Этруски хоронили своих мертвых в подземных усыпальницах, на стенах которых рисовали сцены наслаждений и повседневной жизни, какие были известны покойным. Чтобы рисовать при свете, они прокапывали сверху узкий канал, а потом с помощью зеркал отражали солнечный свет на то изображение, над которым работали. Я пытаюсь украсить словами последний день его жизни, словно гробницу.

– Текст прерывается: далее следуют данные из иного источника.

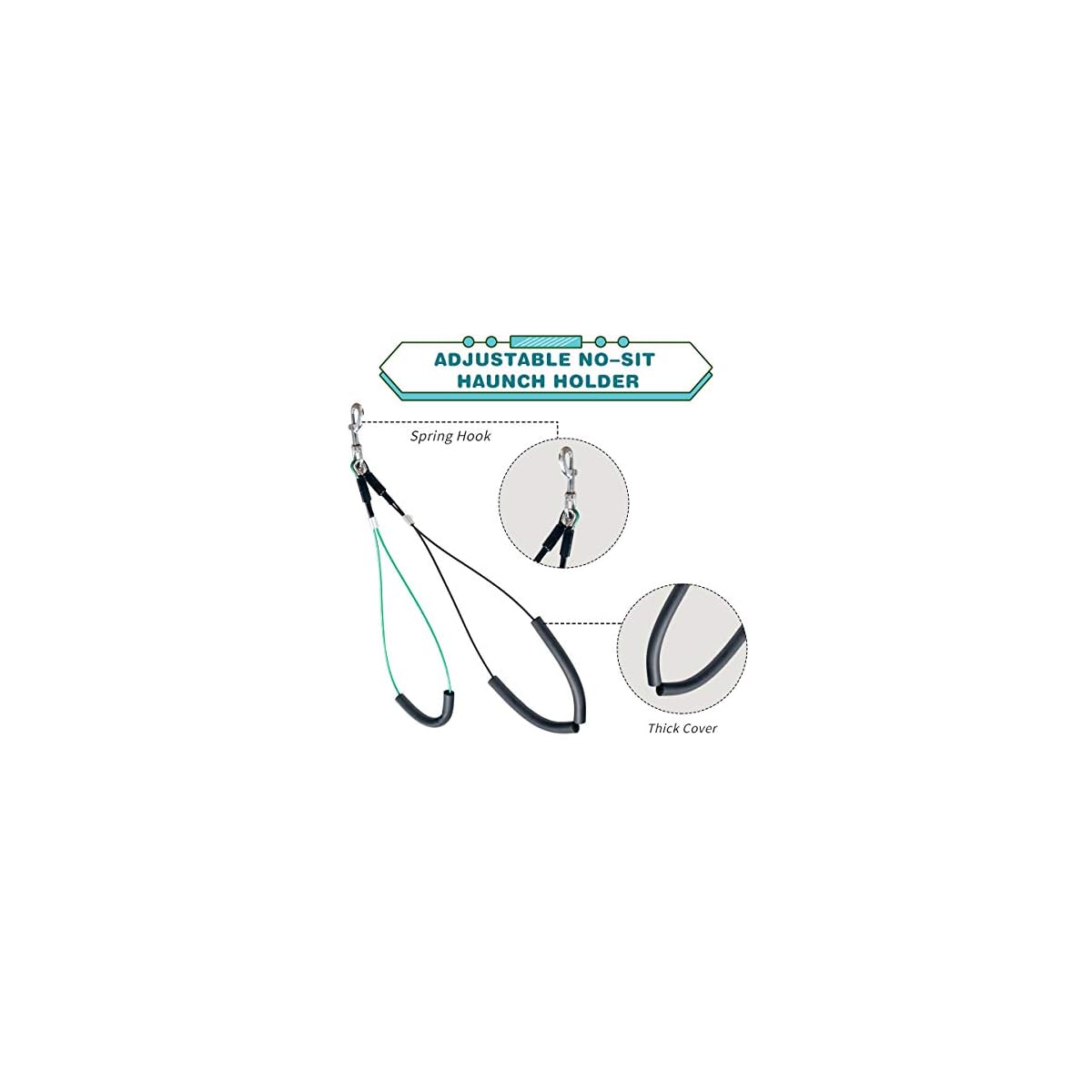 NO SIT HAUNCH HOLDER GROOMING RESTRAINT & LOOP NOOSE: No Sit Haunch Holder and dog restraint rope can safely and securely hold head and haunches on grooming tables or in tub during grooming, bathing, hair blowing and dog care and is an ideal solution for keeping dogs standing in comfort and helps control overly excitable pets from excessive moving.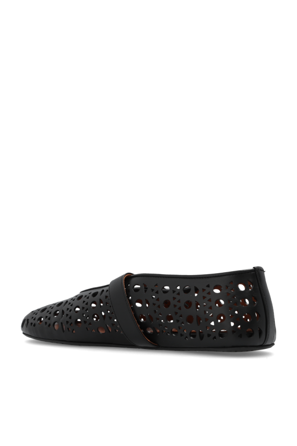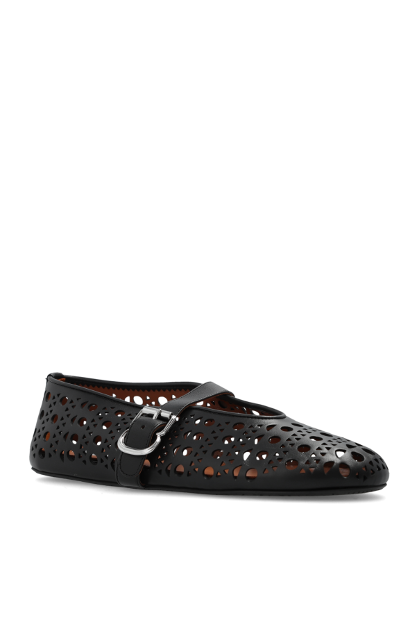 Black ballet flats from Alaia. Made of lamb leather, this pair fastens with a strap with a silver-tone metal buckle on the side and is enriched by the brand’s signature laser-cut perforations with openwork details.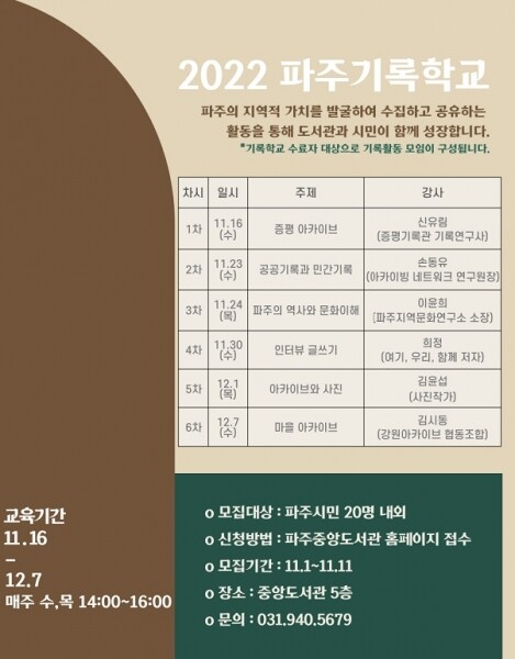 권예자 중앙도서관장은 “파주의 기록사업은 택지개발, 인구 유입 등 빠른 도시화 속에서 지역의 정체성을 살리고 쉽게 잃어버릴 수 있는 소중한 기억 자산들을 남기는 과정에서 시민과 함께하는 가치 있는 일“이라며 ”2022년 파주기록학교에 관심 있는 시민들의 많은 참여 바란다“고 말했다.
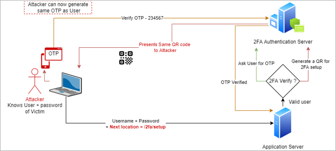 MyWorkApp, however, has a misconfiguration that allows more than one device to be configured for 2FA purposes. This means Alice can have 2FA set up with the same code generator running on two or more phones/devices. Bob uses this information to exploit the application in the following manner:

Мы собирались пообедать в пансионе, который стоял высоко на холмах, поросших лесами. Замысел был посмотреть это место, понять, подойдет ли оно Эрнсту для работы в сентябре — октябре. В тот год Лу успела связаться с десятками небольших гостиниц и пансионов, и этот оказался единственным, где было дешево и можно было на что-то надеяться. Они хотели воспользоваться тем, что я на машине, съездить и посмотреть.
Тут нечего скандалить. Однако напрашивается противопоставление. Через два дня после его смерти появилась длинная статья о нем в Le Monde. Там говорилось: «Эрнст Фишер мало-помалу приобрел репутацию одного из наиболее оригинальных и конструктивных мыслителей „еретического“ марксизма». Он повлиял на целое поколение левых в Австрии. В последние четыре года его постоянно осуждали в Восточной Европе за то влияние — существенное, — которое он оказывал на мышление чехов, устроивших Пражскую весну. Книги его были переведены на большинство языков. Но жить эти последние пять лет ему приходилось в стесненных, тяжелых условиях. У Фишеров было мало денег, их всегда преследовали финансовые затруднения, жили они в маленькой, шумной рабочей квартире в Вене. Что тут такого — слышу я возражения его противников. Чем он лучше рабочих? Ничем, но его род работы требовал определенных условий. Как бы то ни было, сам он не жаловался. Однако в Вене, где непрекращающийся шум семейств и радиоприемников доносился из квартир наверху и со всех сторон, он не мог работать так сосредоточенно, как ему хотелось и как он умел. Отсюда эти ежегодные поиски тихих, дешевых мест за городом, где за три месяца можно было закончить три главы. Дом трех сестер был свободен только до конца августа.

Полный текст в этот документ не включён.